Did Florida lawmakers know what it meant to hand off health plan rate review to feds?
When Florida lawmakers decided during the 2013 session to hand off review of rates for new health plans for two years to the feds, it's not clear they knew what that meant.
PolitiFact recently rated True a claim from U.S. Rep. Ted Deutch, D-Boca Raton, that Florida stripped the state insurance commissioner’s authority to negotiate or refuse rates for plans on new Obamacare marketplaces.
PolitiFact’s reporting exposed limited understanding of the federal government's role even among legislators who knew the legislation best.
While the state can negotiate or reject rates it decides are out of line, the federal government can merely label the rate "unreasonable," and in extreme cases, disallow a plan's sale on the state's new marketplace.
It can't negotiate for lower rates on behalf of the state. It can't reject rates, even those it says are unreasonable.

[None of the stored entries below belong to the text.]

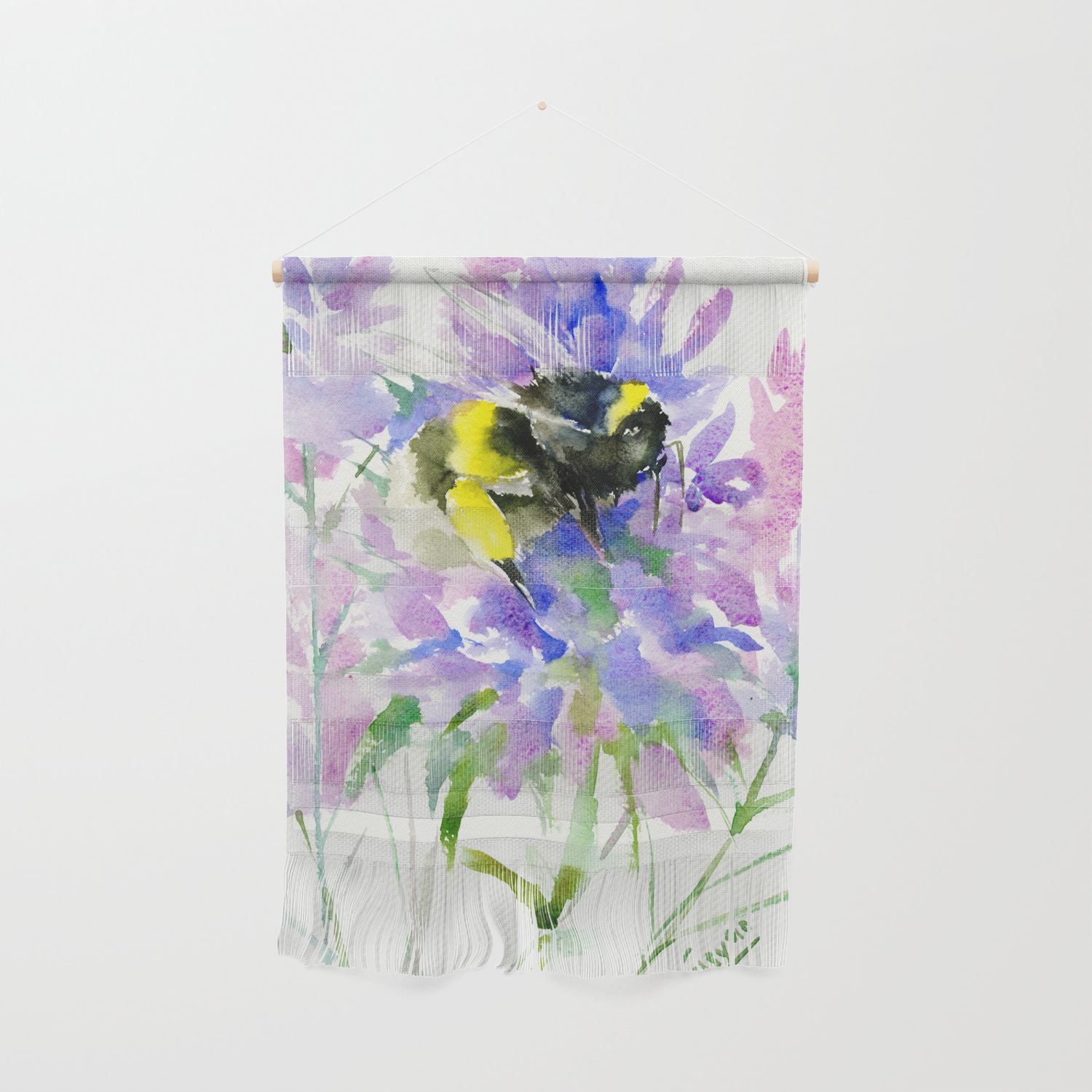 Bumblebee And Lavender Flowers Nature Bee Honey Making Decor Wall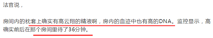 此外,枕套上有高云翔的精液,血迹中也有高的DNA,高在房间待了有36分钟。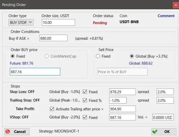 У результаті бот починає відбір монет, які за останні 15 секунд (PumpPriceInterval) зросли як мінімум на 3% (PumpPriceRaise). Одночасно з цим повинні бути дотримані такі умови: викуплений обсяг зі склянки (PumpVolPerSec) повинен бути не менше 0,5 BTC з умовою, що 50% обсягу, купленого в попередні 2 секунди (PumpVolEMA), та 100% обсягу останніх 2 секунд перевищать 0,5 BTCPump. Крім того, все це має супроводжуватися викупом мінімум шести ордерів (PumpBuysPerSec), який здійснять щонайменше два (PumpBuyersPerSecMin), а максимум двадцять (PumpBuyersPerSecMax) покупців. У цьому випадку, якщо трейдер виставить параметр AutoBuy = Yes, відбудеться автоматична покупка, якщо ж він буде вимкнений, то прийде повідомлення про те, що всі параметри було дотримано.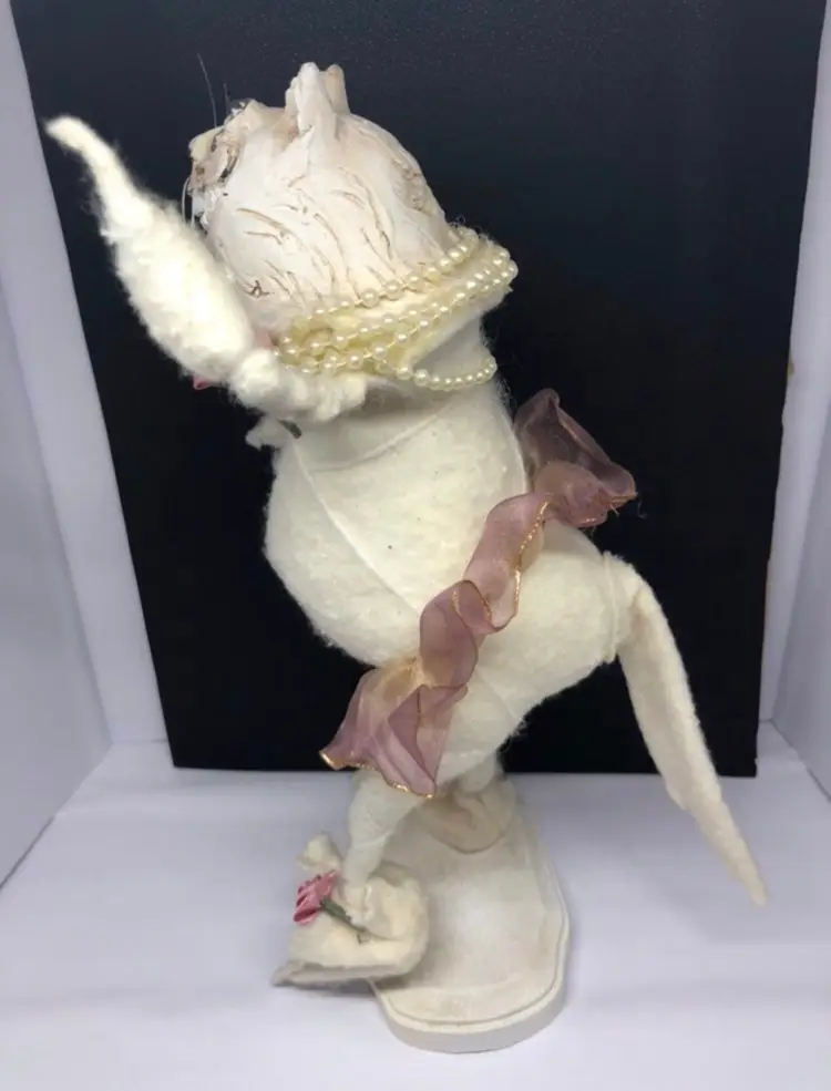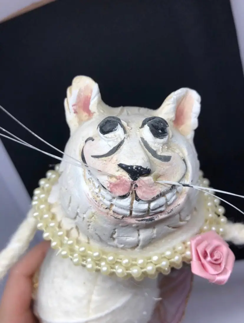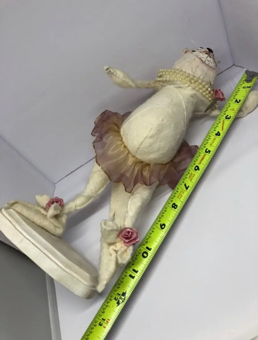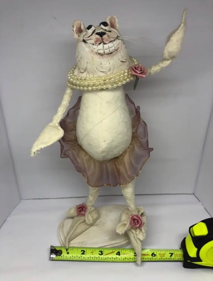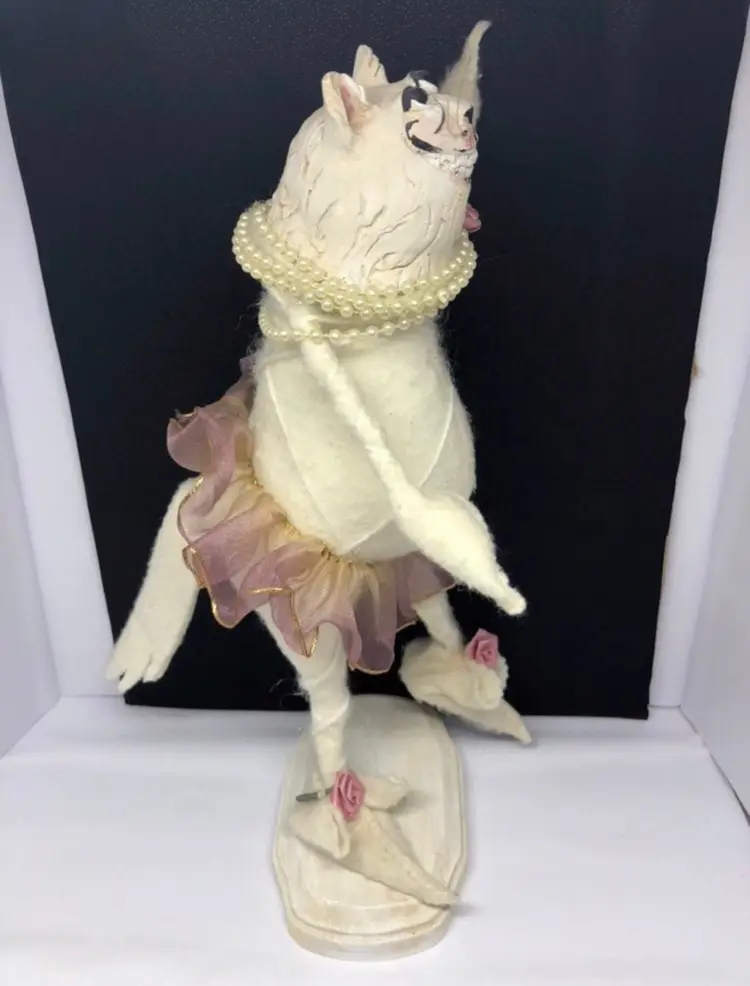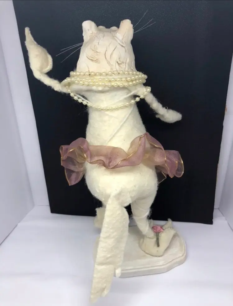 Absolutely gorgeous Stands on a wooden stand Has metal inside and is poseable Someone made this by hand Very unique and neat Great for cat lovers, unique collectors, ballerinas, and many more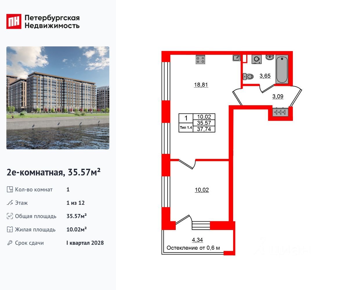 Продается просторная 1-комнатная квартира от застройщика в жилом комплексе ''Setl Ривьера'' в активно развивающимся Невском районе. До метро можно добраться на транспорте всего за 10 минут. Удобная, классическая, функциональная европланировка, большая кухня-гостиная 18.81 м², вместительная прихожая 3.09 м². Общая площадь квартиры - 35.57 м², жилая 10.02 м², высота потолка 2.92 м. Квартира продается с отделкой ''NORD LINE WHITE ВК NEW''. Что особенного в ЖК ''Setl Ривьера''? • Первая береговая линия Невы. 5 км до центра Петербурга • ''Активити парк'' - пространство для занятий спортом и отдыха. ''Ривьера парк'' с променадом и панорамной ротондой • Масштабные дворы 10 000 кв.м. с авторским ландшафтным дизайном • Двухуровневые единые входные группы • Видовые квартиры с террасами, каминами и саунами

Some congressional Democrats and consumer groups argue this leaves Floridians vulnerable to premiums an empowered state insurance commissioner would quash.
Sen. David Simmons, R-Altamonte Springs, who sponsored the legislation that deferred rate review to the federal government, told PolitiFact he's confident the feds have the authority to "protect consumers."
But what about the ability to negotiate for lower rates? To reject rates? To engage in the kind of rate-making that Florida traditionally does?
"I don't know the answer to that question," he said. "I don't think they have the ability, myself. I think they have the ability to fully go ahead … to step in to protect consumers from unjustifiable premiums."
He suggested federal officials might have "multiple other methodologies" for doing that.
“I would hope that they do," he said.
He's partly right. In addition to rejecting plans from marketplaces, a new rule under the Affordable Care Act specifies a percentage of premiums that insurers must spend on care. A truly outrageous rate would eventually result in rebates to consumers. But that's later. At the start, higher premiums could simply scare consumers away from health plans, or force them to overpay.
Meanwhile, Sen. Eleanor Sobel, D-Hollywood, who spoke up on behalf of consumers at committee hearings and made a last-minute vote switch to oppose the law, said details about the limits of federal rate-review authority were "never made clear."
(PolitiFact got its details from a final rule issued in May 2011, available with a few clicks on the U.S. Health and Human Services website.)
During committee hearings, she expressed confidence that the feds would use a wealth of knowledge to "set" rates. No one corrected her.
"I don't recall us going into detail about that," she said.
She said she was too busy pushing for an expansion to Medicaid that legislators ultimately refused.
"I hope that the insurance companies will propose reasonable rates," she said.